Essa metáfora é tão presente que foi expressa em poemas, como Suite of Mirrors, de Harold Witt, publicado pela revista Contact em 1962, da qual traduzo livremente o trecho a seguir

Você pode pensar que a história ensina; repete;

página após página, um poema em perfeita rima

badaladas ecoando sinos de ambos os lados dos lençóis

para nascimentos e funerais,

informam as horas da eterna Alice,

de Hamlet as falácias —

a última luz de desaparecidas galáxias.

Ela também pode ser percebida em graves escritos que procuram discutir as relações sociais, como no caso do comentário de Karl Marx no seu 18 de Brumário de Luís Bonaparte.

Em alguma passagem de suas obras, Hegel comenta que todos os grandes fatos e todos os grandes personagens da história mundial são encenados, por assim dizer, duas vezes. Ele se esqueceu de acrescentar: a primeira vez como tragédia, a segunda como farsa.

Isso aconteceu quando o palestrante mencionou a história de Galileu Galilei. Ele foi condenado pela Inquisição por “suspeita veemente de heresia” e obrigado e recitar e assinar uma renúncia formal de suas ideias.

Fui julgado veementemente suspeito de heresia, isto é, de ter sustentado e acreditado que o sol está no centro do universo e imóvel, e que a Terra não está no centro do mesmo, e que se move. Desejando, porém, afastar das mentes de Vossas Eminências e de todos os fiéis cristãos esta veemente suspeita razoavelmente concebida contra mim, renuncio com coração sincero e fé não fingida, amaldiçoo e detesto os ditos erros e heresias, e no geral todo e qualquer erro, heresia e seita contrária à Santa Igreja Católica. (Tradução livre do autor)

Me chama a atenção como este episódio é semelhante à decisão imposta ao Telegram pelo Min. Alexandre de Moraes que, entre outras sanções, obrigou o aplicativo a publicamente declarar a seguinte mensagem

Por determinação do SUPREMO TRIBUNAL FEDERAL, a empresa Telegram comunica: A mensagem anterior do Telegram caracterizou FLAGRANTE e ILÍCITA DESINFORMAÇÃO atentatória ao Congresso Nacional, ao Poder Judiciário, ao Estado de Direito e à Democracia Brasileira, pois, fraudulentamente, distorceu a discussão e os debates sobre a regulação dos provedores de redes sociais e de serviços de mensageria privada (PL 2630), na tentativa de induzir e instigar os usuários à coagir os parlamentares.

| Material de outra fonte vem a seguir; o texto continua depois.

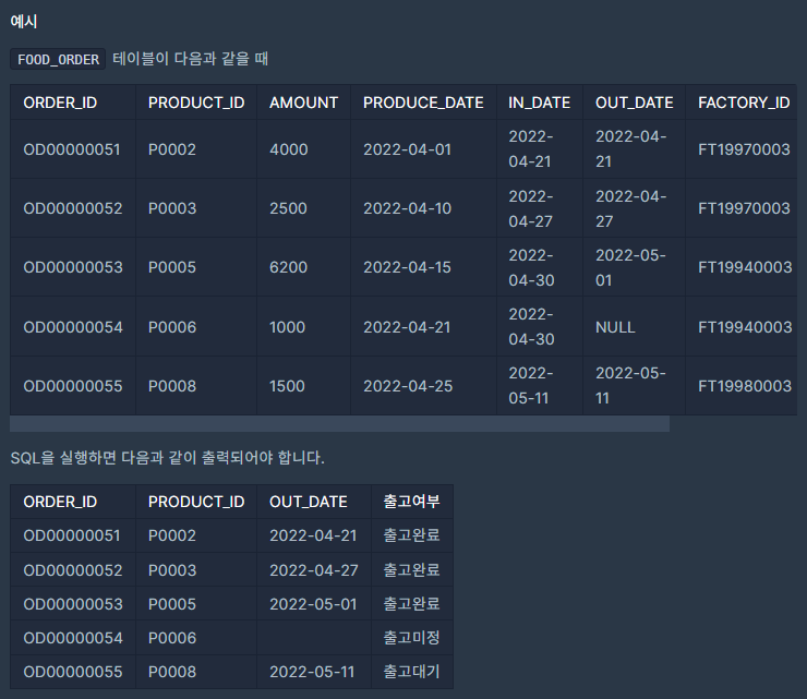 문제 접근은 OUT_DATE 값이 2022-05-01 이후이면 "출고대기", 이전이면 "출고완료" NULL값이라면 "출고미정"으로 "출고여부" 컬럼으로 보여주면 된다.

Mas as semelhanças não param aqui.

Quando Galileu nasceu em 1564, não existia ainda a ciência. Mas quando de sua morte em 1642, ele tinha pavimentado o caminho para a revolução científica do século XVII em que a ciência se tornaria uma disciplina em um sistema filosófico completo e com todo o prestígio de seus métodos. Galileu foi pioneiro em compreender a matemática como a linguagem no qual é escrito o livro da natureza (The Essayer, 1623), o que provocou uma revolução metodológica nos intelectuais que se dedicavam ao estudos da filosofia natural e que viria a produzir um gênio do calibre de Isaac Newton em menos de um século. Apesar disso, era um verdadeiro experimentalista que jogava pedras de torres e mastros de navios, brincava com imãs, relógios e pêndulos na tentativa de elaborar princípios gerais sobre a natureza. Galileu era o arquétipo do cientista como fantasiamos hoje na percepção popular.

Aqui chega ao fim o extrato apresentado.